42 - Masih Mungkin?

120 10 7
                                    

"Cukup aku dan ayahmu, jangan biarin lelaki manapun ikut campur sama masa depan yang udah gue susun rapih buat lo."

-Akalanka Alister Bramantio-

Setelah mengantarkan Zanna, Senyum lelaki itu masih setia terukir hingga motor besarnya terparkir rapih pada garasi rumahnya.

Alan meletakan helm pada rak khusus, lelaki itu sedikit menyugar rambut miliknya yang sudah tumbuh lumayan lebat.

Laki-laki itu berjalan santai sambil bersiul kecil dan tetap membiarkan penutup kepala hoodie nya tetap terpasang membuat kesan dingin selalu melekat dimanapun cowok itu berada.

Pria berumur yang sedang terduduk dengan koran di tangan nya mengalihkan pandangan kepada putra nya yang baru saja pulang, Anak itu sama sekali tidak memperdulikan keberadaannya.

Bram menarik nafas, "Sepintar, secepat, selihai apapun seseorang dalam mengutarakan pendapat akan terpandang remeh jika orang itu lemah dalam sebuah tanggung jawab." Suara bariton itu berhasil menyita atensi Alan yang baru saja melewati ruang keluarga.

Pandangan matanya beredar, cowok itu baru bisa memahami situasi ini saat melihat Fanya terduduk santai bersebelahan dengan Iren. Cewek rese itu senantiasa menyambut kedatangan Alan dengan senyum ciri khasnya.

"Al butuh istirahat."

Baru satu langkah Alan menaiki tangga, suara Bram kembali terdengar.

"Apa kamu pikir sikap seperti itu baik?! Sudah papa bilang, kamu harus belajar dewasa dan lebih memperhatikan apa yang harus kamu jaga saat ini."

Alan menoleh dengan tatapan tajam nya. "Ada dua hal yang harus Al jaga, keluarga sama seseorang yang ada di hati Alan pa, tentunya bukan dia!" Tukas Alan dengan nada tinggi sambil menunjuk ke arah Fanya.

"Terserah kamu! Kalau tau akan seperti ini, lebih baik papa langsung nikahkan kamu Al!"

Iren mengelus pundak Bram yang naik turun karena emosi, melihat anak lelaki nya yang kembali berjalan memasuki kamar, Iren hanya mengangguk memberi intruksi kepada suaminya bahwa dirinya akan mencoba berbicara dengan putra sulung nya itu.

-0o0-

Hembusan asap rokok, berterbangan bebas di udara, begitu pula terpaan angin malam yang ikut serta menyapu hangat dada bidang nya.

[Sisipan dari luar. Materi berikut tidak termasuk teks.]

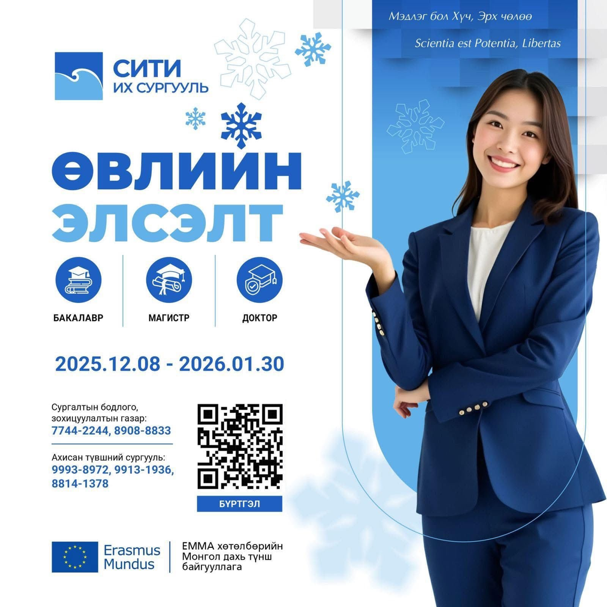 “СИТИ” Их сургуулийн 2025-2026 оны хичээлийн жилийн өвлийн элсэлт үргэлжилж байна. Мэдлэг бол Хүч, Эрх чөлөө уриатай “СИТИ” Их сургууль ирээдүйн манлайлагчдыг бэлтгэх, олон улсын стандартын дагуу боловсрол олгох зорилготойгоор 40 гаруй хөтөлбөрийг танд санал болгож байна.

Kini bukan soal penyesalan, tapi penyelesaian. Semua hal yang terjadi, benar-benar di luar kendali.

Alan hanya bisa berfikir, entah sampai kapan permasalahan ini terus menghantui fikiranya. Untung saja, dia memiliki sosok juara di dalam hatinya.

Alan terkekeh geli, "Sial, setergila-gila ini gue sama lo Zan."

Derit pintu kamar berbunyi.

"Al, kamu dimana nak?"

Lelaki itu menoleh, lalu tersenyum sekilas sebelum menemui Iren yang terlihat menatapnya dengan raut khawatir.

"Duduk, Mama mau bicara sama kamu." Alan menuruti ucapan Iren.

"Putra mama udah besar, kamu pasti bisa berfikir setiap keputusan yang mama dan papa buat itu demi kebaikan kamu. laki-laki itu harus di jaga, entah ucapan maupun perilaku."